→ **Information provided**
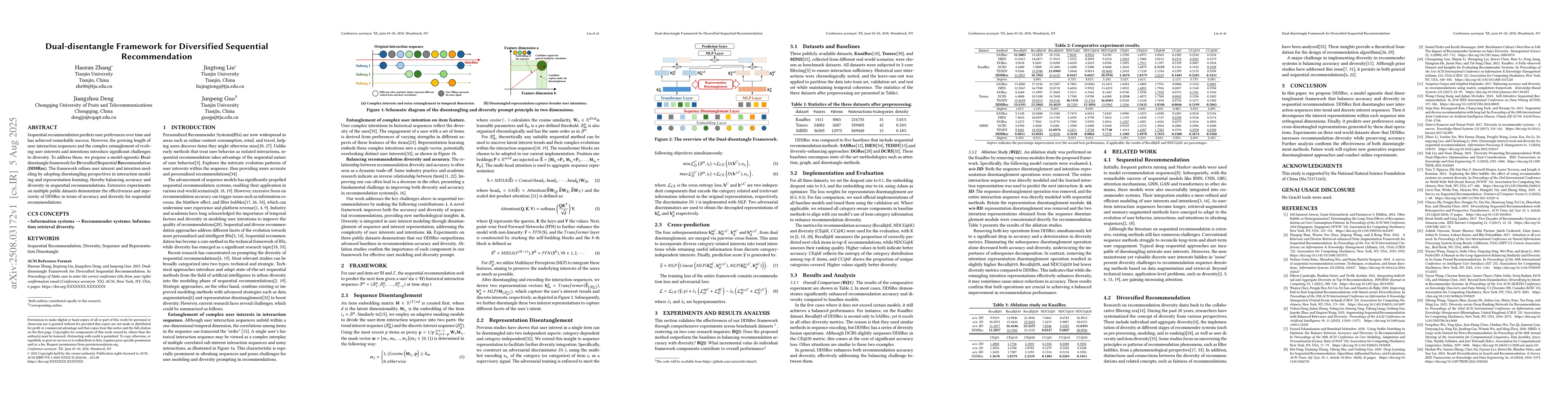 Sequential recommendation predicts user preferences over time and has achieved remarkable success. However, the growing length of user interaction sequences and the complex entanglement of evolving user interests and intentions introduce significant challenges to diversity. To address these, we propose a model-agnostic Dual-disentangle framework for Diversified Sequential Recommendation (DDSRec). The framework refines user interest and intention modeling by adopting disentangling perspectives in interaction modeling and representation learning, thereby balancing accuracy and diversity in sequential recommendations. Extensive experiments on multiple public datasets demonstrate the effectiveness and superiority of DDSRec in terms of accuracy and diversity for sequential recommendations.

---

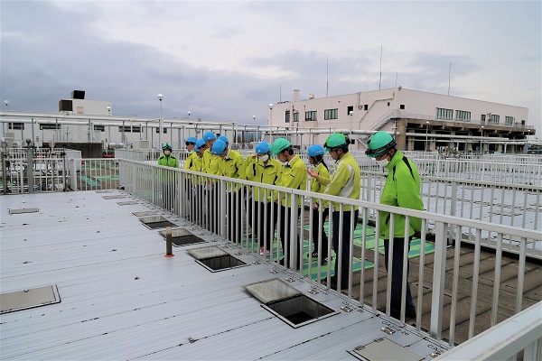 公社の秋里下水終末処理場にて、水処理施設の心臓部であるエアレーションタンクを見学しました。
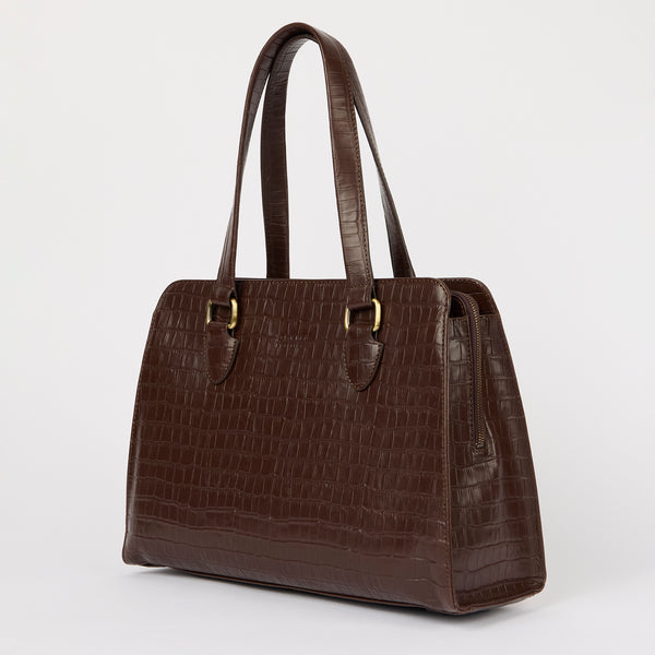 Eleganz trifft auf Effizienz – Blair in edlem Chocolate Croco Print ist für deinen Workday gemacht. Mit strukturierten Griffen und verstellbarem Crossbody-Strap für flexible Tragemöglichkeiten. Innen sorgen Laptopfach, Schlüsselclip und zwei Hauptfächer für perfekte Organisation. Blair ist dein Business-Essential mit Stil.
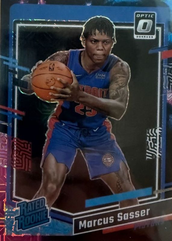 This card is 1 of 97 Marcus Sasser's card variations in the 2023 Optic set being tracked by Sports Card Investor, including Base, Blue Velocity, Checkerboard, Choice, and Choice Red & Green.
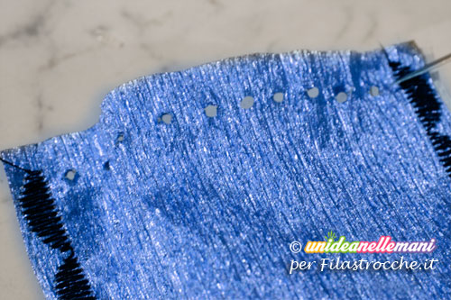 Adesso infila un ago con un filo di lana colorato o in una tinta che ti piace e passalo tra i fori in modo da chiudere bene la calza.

→ **Exercise**
Please transcribe exactly the part of the records that opens with the line containing "Eleganz trifft auf" and closes with the line containing "Adesso infila un", both ends included, and leave out the pictures.

→ **Response area**
 Eleganz trifft auf Effizienz – Blair in edlem Chocolate Croco Print ist für deinen Workday gemacht. Mit strukturierten Griffen und verstellbarem Crossbody-Strap für flexible Tragemöglichkeiten. Innen sorgen Laptopfach, Schlüsselclip und zwei Hauptfächer für perfekte Organisation. Blair ist dein Business-Essential mit Stil.
 This card is 1 of 97 Marcus Sasser's card variations in the 2023 Optic set being tracked by Sports Card Investor, including Base, Blue Velocity, Checkerboard, Choice, and Choice Red & Green.
 Adesso infila un ago con un filo di lana colorato o in una tinta che ti piace e passalo tra i fori in modo da chiudere bene la calza.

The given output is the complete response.